--- GIVEN RECORDS ---

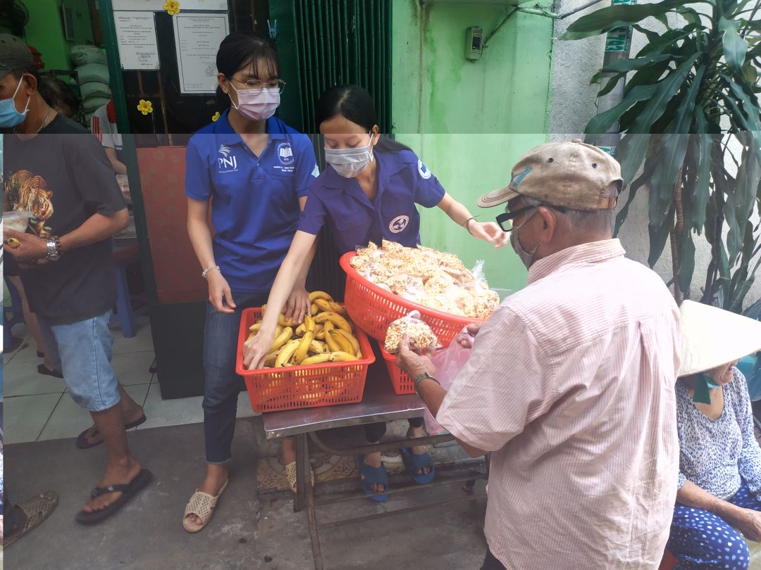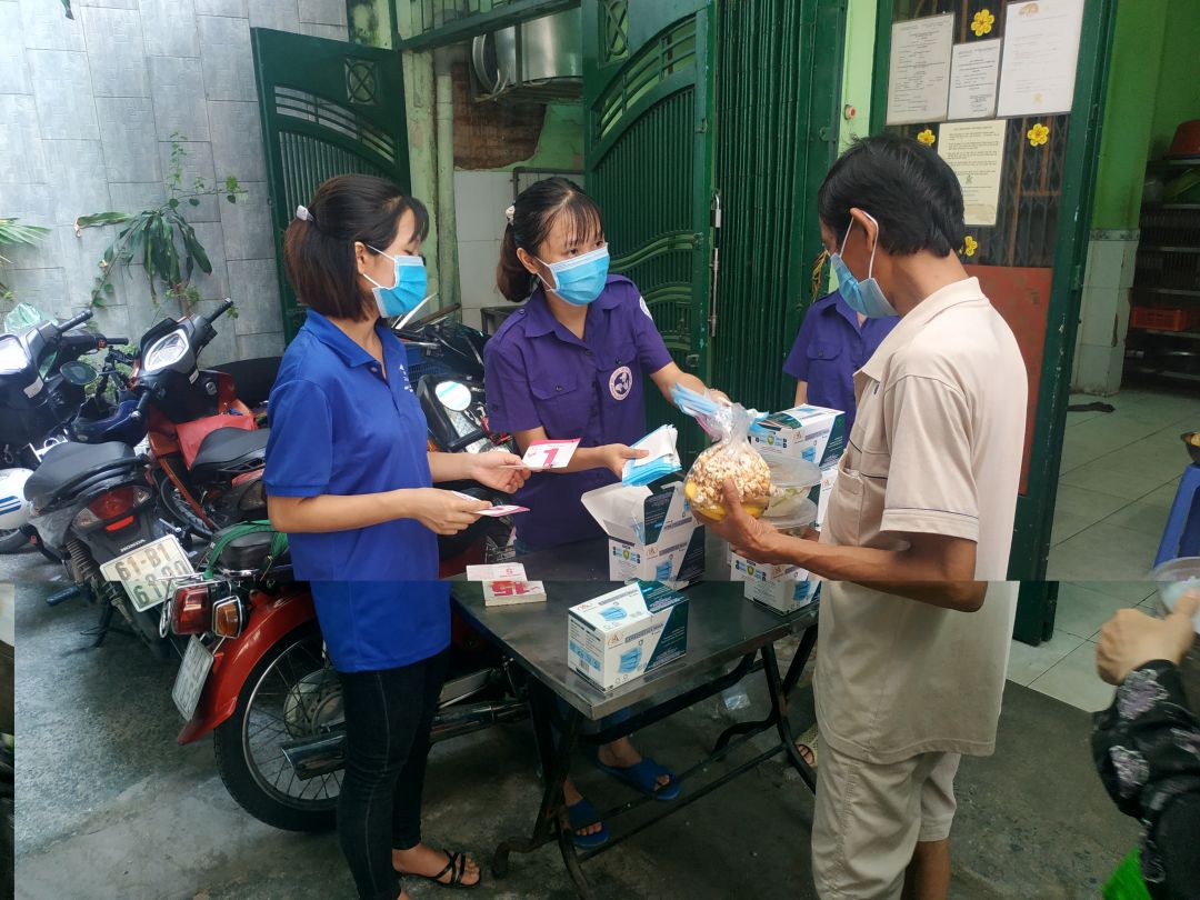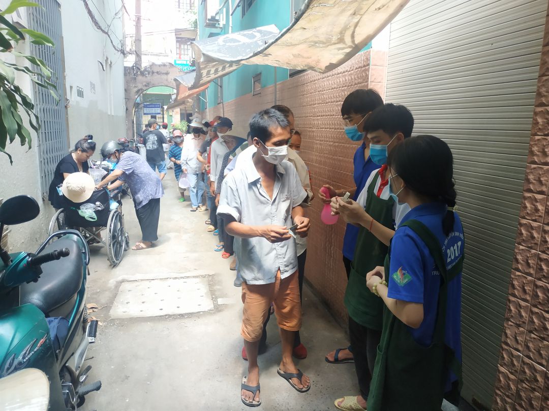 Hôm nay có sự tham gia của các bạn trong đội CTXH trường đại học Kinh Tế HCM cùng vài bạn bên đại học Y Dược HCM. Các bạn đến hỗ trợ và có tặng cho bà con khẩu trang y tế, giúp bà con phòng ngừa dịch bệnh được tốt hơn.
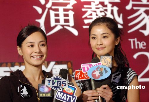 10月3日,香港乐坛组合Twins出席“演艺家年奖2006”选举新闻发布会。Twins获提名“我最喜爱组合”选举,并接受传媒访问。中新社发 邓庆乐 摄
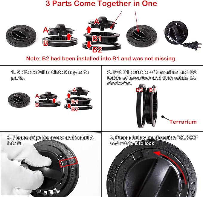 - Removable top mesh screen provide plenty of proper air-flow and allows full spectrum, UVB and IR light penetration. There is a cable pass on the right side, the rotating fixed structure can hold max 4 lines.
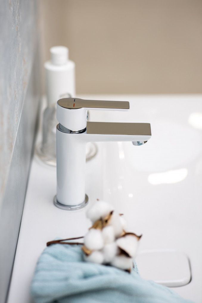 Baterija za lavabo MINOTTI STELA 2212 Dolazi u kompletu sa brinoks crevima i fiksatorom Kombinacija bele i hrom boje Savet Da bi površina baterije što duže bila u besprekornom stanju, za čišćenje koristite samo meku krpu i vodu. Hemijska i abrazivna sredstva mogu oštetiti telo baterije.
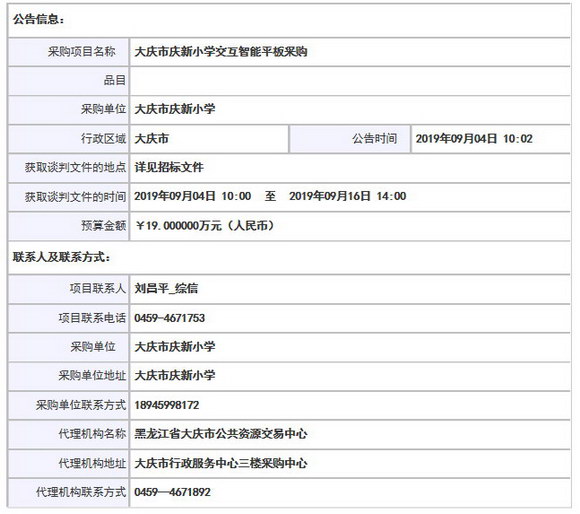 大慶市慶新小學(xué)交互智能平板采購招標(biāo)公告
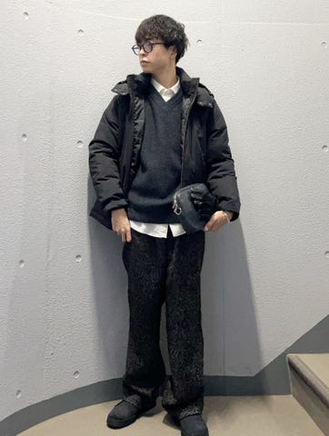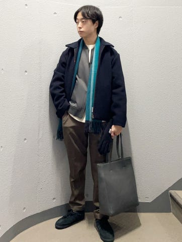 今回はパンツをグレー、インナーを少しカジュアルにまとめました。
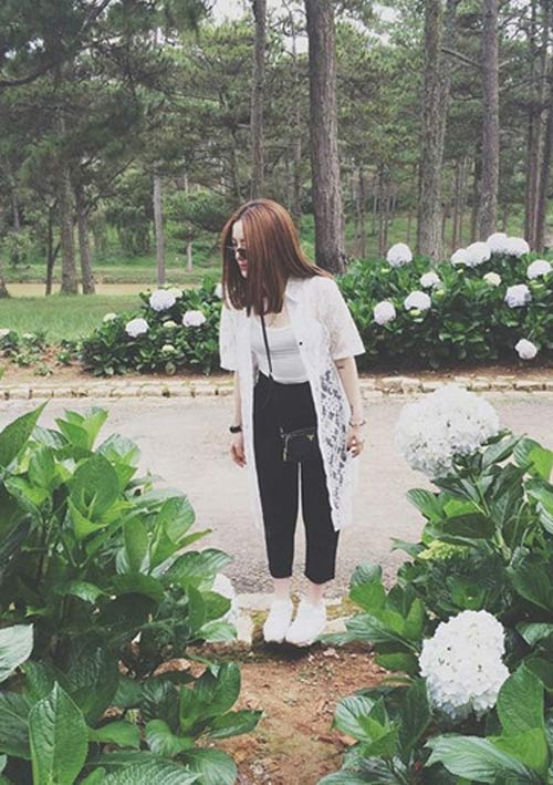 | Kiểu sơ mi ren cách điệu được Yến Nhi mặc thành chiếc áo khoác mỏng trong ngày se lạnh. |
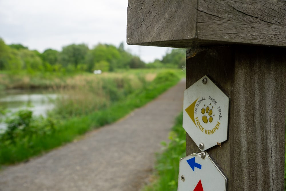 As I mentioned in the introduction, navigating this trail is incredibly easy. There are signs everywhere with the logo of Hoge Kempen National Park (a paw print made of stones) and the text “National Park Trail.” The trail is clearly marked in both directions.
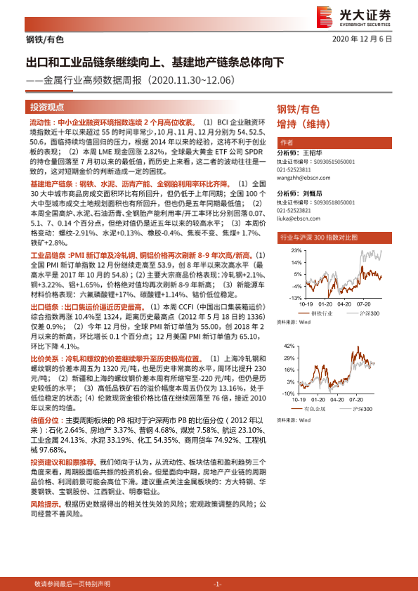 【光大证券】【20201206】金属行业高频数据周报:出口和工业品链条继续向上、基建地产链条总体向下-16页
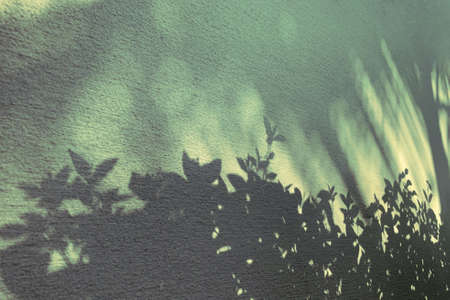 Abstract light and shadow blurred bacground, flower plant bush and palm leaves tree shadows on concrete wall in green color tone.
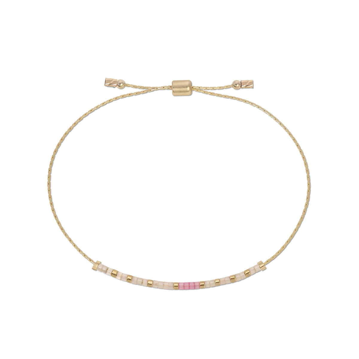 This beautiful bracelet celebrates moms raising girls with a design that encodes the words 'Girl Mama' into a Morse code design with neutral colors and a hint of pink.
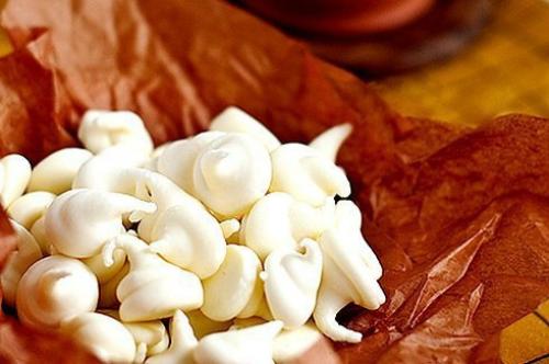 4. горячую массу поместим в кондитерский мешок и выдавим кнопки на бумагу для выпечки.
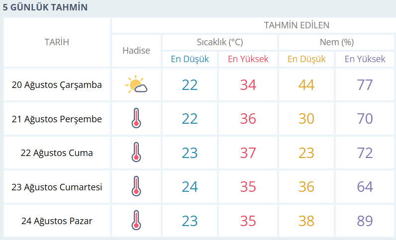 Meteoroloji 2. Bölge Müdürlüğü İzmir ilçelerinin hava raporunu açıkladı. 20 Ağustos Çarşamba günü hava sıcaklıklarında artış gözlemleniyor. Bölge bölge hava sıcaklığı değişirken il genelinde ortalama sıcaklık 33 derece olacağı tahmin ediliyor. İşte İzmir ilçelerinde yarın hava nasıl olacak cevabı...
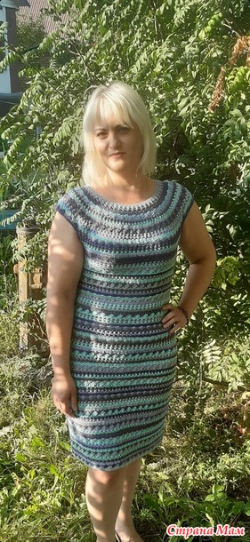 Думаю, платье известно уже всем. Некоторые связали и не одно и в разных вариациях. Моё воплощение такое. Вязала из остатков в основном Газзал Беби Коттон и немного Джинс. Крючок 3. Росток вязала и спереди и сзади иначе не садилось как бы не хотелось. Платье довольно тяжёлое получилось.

---

__WHAT TO WORK ON__: Look above for the line with "今回はパンツをグレー、インナーを少しカジュアルにまとめました。" and the line with "As I mentioned"; set down those two lines and all lines between them exactly, without pictures and without anything else.

__TASK SOLUTION__:
 今回はパンツをグレー、インナーを少しカジュアルにまとめました。
 | Kiểu sơ mi ren cách điệu được Yến Nhi mặc thành chiếc áo khoác mỏng trong ngày se lạnh. |
 As I mentioned in the introduction, navigating this trail is incredibly easy. There are signs everywhere with the logo of Hoge Kempen National Park (a paw print made of stones) and the text “National Park Trail.” The trail is clearly marked in both directions.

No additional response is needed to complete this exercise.